Through CBR, we can quantitatively evaluate whether the performance improvement gained from adding specific features is worth the additional cost required. It is particularly important in situations where there is a need to balance decisions between performance improvement and cost.

During the model training, multiple thresholds (thresh) were set for the number of features and obtained their corresponding model performance evaluation metric, F1 score. Then, according to the CBR model, the optimal feature subset was screened in a recursive way. The optimal subset screening of biomarkers using RFECV was presented as Algorithm 2.

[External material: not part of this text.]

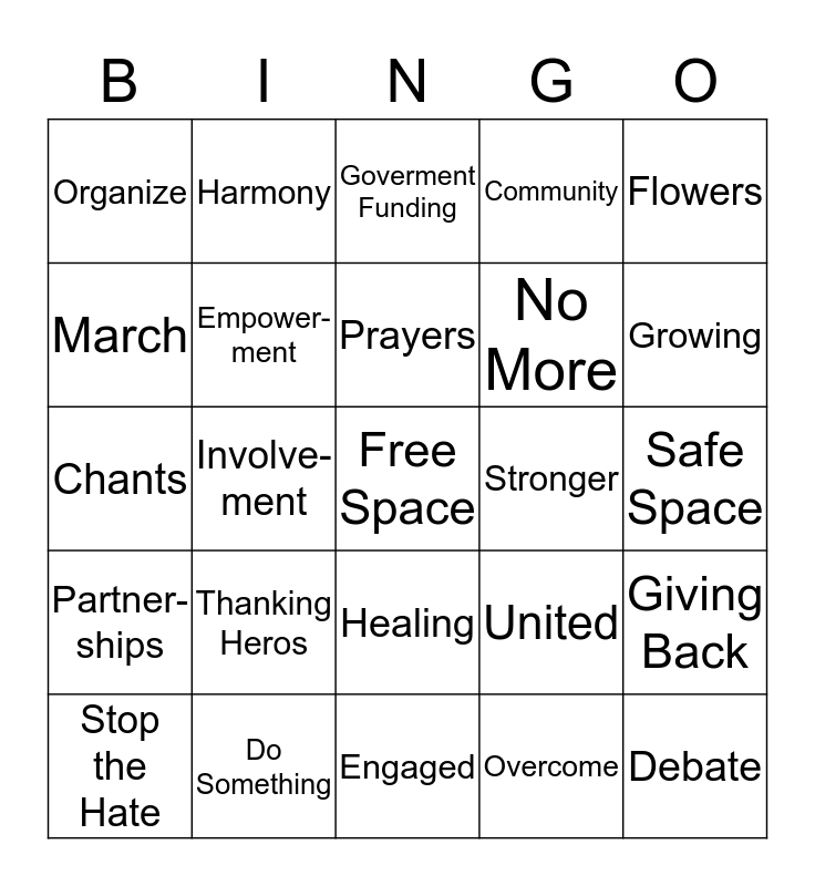 This bingo card has a free space and 24 words: Thanking Heros, Do Something, Prayers, Stop the Hate, Flowers, Organize, March, Harmony, Stronger, Healing, No More, Chants, United, Giving Back, Empower- ment, Overcome, Safe Space, Goverment Funding, Growing, Involve-ment, Debate, Partner-ships, Community and Engaged.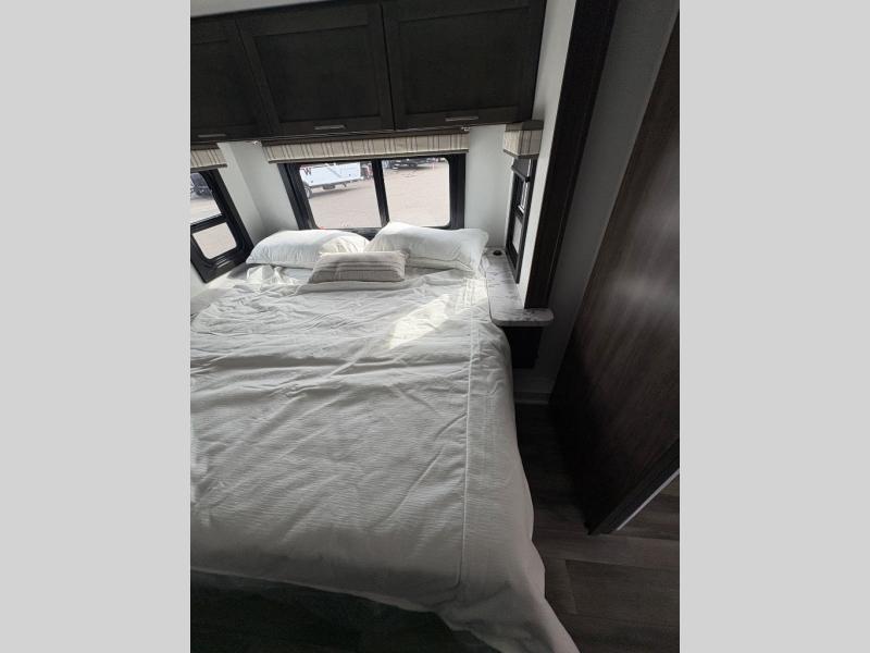 With any Greyhawk Class C gas motorhome by Jayco you will experience smooth sailing thanks to the JRIDE PLUS that comes with Koni shock absorbers, a computer-balanced driveshaft, Hellwig helper springs, and more. The Ford E-450 chassis with a 7.3L V8 325 HP engine will power your excursions, and you'll appreciate the added safety features for your peace of mind. Each model features a Sony infotainment center with Apple CarPlay and Android Auto, backup and side-view cameras, and a tire pressure monitor system the driver is sure to appreciate. Durable construction begins with Stronghold VBL roof, floor and sidewalls, bead-foam insulation, and a one-piece seamless fiberglass front cap. Head inside to find blackout night roller shades, LED-lit pressed countertops, an 84" interior ceiling height, and hardwood cabinet doors and drawers.

Algorithm 2.Recursive Feature Elimination with Cross-Validation (RFECV) algorithm.

Require: candidate feature set, threshold for the number of features thresh;

Ensure: feature set S, model performance evaluation metric F1 score;

1: Initialize the feature set S and set it as the candidate feature set;

2: Define the model performance evaluation metric F1 score;

3: Define the threshold for the number of features thresh;

4: while S is not ∅ do

5: Train the model using the feature set as the training set;

6: Introduce cross-validation to evaluate the model performance;

7: if the number of features = = thresh then

8: Save the current feature set as S;

9: Save the current model performance metric as F1 score;

10: break;

11: end if

12: Reove the least contributing features from S;

13: end while

3 Results

The experimental results were obtained using ten-fold cross-validation to ensure reliability. In each round, nine folds of the datasets were treated as a train set and the other one fold acted as a test set. The train set was used to construct the GSN and select the feature. The test set was utilized to evaluate the model performance. In addition, specific feature experiments and comparative analyses were conducted to validate the effectiveness of the model. Moreover, the proposed method was expanded to identify cancer subtypes related biomarkers as well.

3.1 Specific feature experiments

Specific feature experiments were conducted in the following two steps. Firstly, the important parameters were introduced including the CBR and number of features. Secondly, the stage-specific biomarkers in LUAD and BRCA datasets were identified. The effectiveness of the identified biomarker were performed through enrichment analysis.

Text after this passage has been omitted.